Plotline: Herky-jerky, run-through-walls outfielder replaces by far the team's highest-paid player -- injured, unproductive Jermaine Dye, who makes $11 million of the $50 million payroll -- and hits safely in 44 of his past 47 games. That's approaching unbreakable-record territory, as in Joe DiMaggio's 56-game streak. Byrnes is burning.

But I cannot tell a lie. As slack-jawed as I am by what Byrnes has done, I don't believe he yet belongs in baseball's midseason showcase. This isn't supposed to be the One-Half Wonder Game, though that's sometimes the case. In my book, All-Stars must prove they're one of the best for at least a season and a half.

Can a guy who has spent several seasons doing the Sacramento Shuffle, back and forth to Triple-A, keep up this pace through September's pennant-race stretch?
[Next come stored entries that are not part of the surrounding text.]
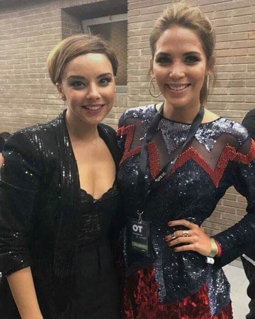 La cantante Chenoa y la actriz venezolana Rosanna Zanetti, dos de los amores de David Bisbal, se realizan una foto durante el concierto 'OT: el reencuentro'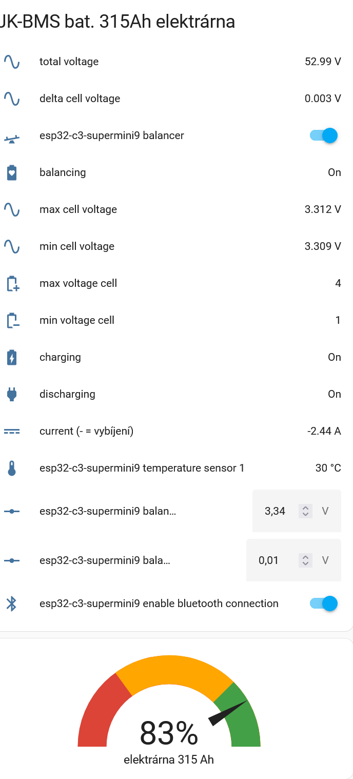 Následuje spuštění pomocí tlačítka, které už dodávají k JK-BMS dost často (takže nemusím startovat JK-BMS externím zdrojem). Ještě nemám připojené esp32, abych se mohl připojit přes BT z mobilu a nastavit základní parametry baterie, které nejdou nastavit z HA (počet článků, kapacita baterie). Pak připojím i esp32. No a pak opatrné připojení k systému přes slabý vodič aby vyrovnávací proud nebyl moc vysoký. Když se napětí víc srovnala, dal jsem už konečný vodič 35 mm2 a v HA se můžu podívat na aktuální hodnoty paralelně připojené baterie 315 Ah: Jo a nářadí si před prací na baterii obalím elektrikářskou páskou, aby případný pád klíče nevedl k ohňostroji.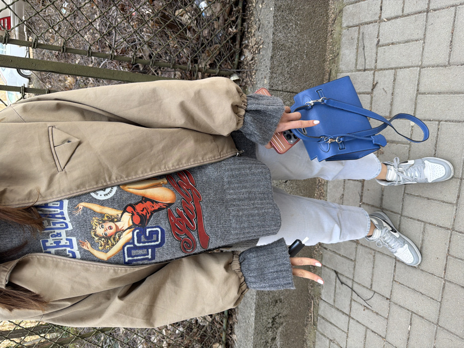 The image displays a person standing on a paved sidewalk in an urban setting within Sofia, Bulgaria. The individual is shown from the upper chest to the feet, centered in the frame. The person wears a light beige, long-sleeved zippered jacket, unzipped to reveal a grey knitted sweater. The sweater features a prominent graphic of a blonde pin-up woman in a red swimsuit, with "DOLCE & GABBANA" and "ITALY" text. The jacket has a small triangular flap pocket on the upper right side, and both the jacket and sweater have ribbed cuffs visible at the wrists. Light grey jeans are worn, leading down to grey and white high-top sneakers with black accents, identifiable as Air Jordan 1s. In the person's right hand, a brown-cased smartphone is held, along with a small, structured royal blue leather handbag, resembling a Hermes Kelly style, equipped with a top handle and a visible shoulder strap. The left hand holds a small, black, cylindrical object, possibly an e-cigarette or vape pen. The fingernails on both visible hands are painted white. The environment consists of a sidewalk paved with rectangular grey pavers. A concrete curb runs along the edge of the sidewalk. Behind the curb, a metal chain-link fence is visible, beyond which sparse, bare tree branches and a portion of a light-colored vehicle, likely white, can be discerned in the background.

I'd like to think so, but the odds say no. Can Byrnes keep making adjustments to a dog-eat-dog league that will keep probing for his fatal flaw? Probably. Maybe. Who knows?

Can he rise to the playoff occasion in October? Pick right up where he left off next season? Only time tells in baseball.

Only 82 games to go.

Forgive me for not taking a warm, fuzzy seat on Byrnes' runaway All-Star bandwagon. That would be easier for you and me. You'd probably like me more if I took you to Disneyland over your morning coffee. But would you respect me?

Your June 30 buzz kill is my 162-game reality check. Baseball, more than any other sport, lends itself to heroic fantasy. The big-league schedule so inexorably exposes flashes in its six-month panorama that we want to believe in The Career Minor Leaguer Who Becomes a Star. Since he got his chance in late April, Byrnes has been the anti-Barry Bonds, the Peninsula product who kept playing winter ball and working on his weaknesses until he finally got his million-to-one shot.

``His heart is so big and his desire to succeed so great,'' said A's Manager Ken Macha, ``that when he finally got his opportunity, he was ready. He gets dirty all the time. He gives you 1 million percent. He's a guy you can be proud of when he stars. Making the All-Star team would be a payoff for all he's done.''

Yes, next year it would be.

With his flying wings of golden hair, Byrnes has cover-boy looks and a confident-but-humble charm that could make him as marketable as any player on this team this side of Barry Zito. He's as comfortable entertaining a pack of reporters as he appears unsure of himself trying to draw a bead on a flyball.

Asked if he has surprised himself, Byrnes did not hesitate: ``No. I'd be lying if I said I have. I always believed in my mind I could be this kind of player at this level.''

Robert Redford couldn't have said it better in ``The Natural.'' Byrnes, baby, Byrnes. Build on a startling start. Prove these numbers don't lie.

Byrnes went 13 for 26 in six games against his beloved Giants. He's batting .336 with 11 homers and 41 RBIs. What this 6-foot-2, 210-pounder lacks in effortless fluidity, he more than makes up for in speed and power. He's probably the A's fastest man, and he proved again Sunday with a home run that landed 10 rows above the 404 mark in left-center field that he's no Punch-and-Judy leadoff hitter.

He's a gifted, if not graceful, athlete.

``And he's out early every day working on his throwing,'' Macha said. ``Every day. I don't know where we'd be without him.''

Maybe eight or 10 games behind first-place Seattle instead of six with the Mariners arriving for a four-game series. Now let's see if Byrnes can do to Seattle what he has been doing to his former favorite team. Baseball's pressure grows by the night.

Now Byrnes won't be inspired by driving past Candlestick Park on the way up 101 to Pac Bell.

``Passing Candlestick, I thought how many games I saw there, sitting in the bleachers, doing all those stupid chants,'' he said. ``A couple of times during the weekend, it hit me what I was doing, and I looked off into the bay and got chills.''

You could hear Kevin Costner in ``Bull Durham'' making the same speech after finally making it to The Show. But first-half fairy tales shouldn't tell the All-Star tale.

I'd prefer not to see each team have a mandatory representative. I'd rather starters played six or seven innings, like the good old days. I wish baseball's All-Stars could earn their way into the game with an entire season's performance, as NFL Pro Bowl stars do.

For now, Byrnes makes my All-Disney team. I'm rooting for All-Star validation.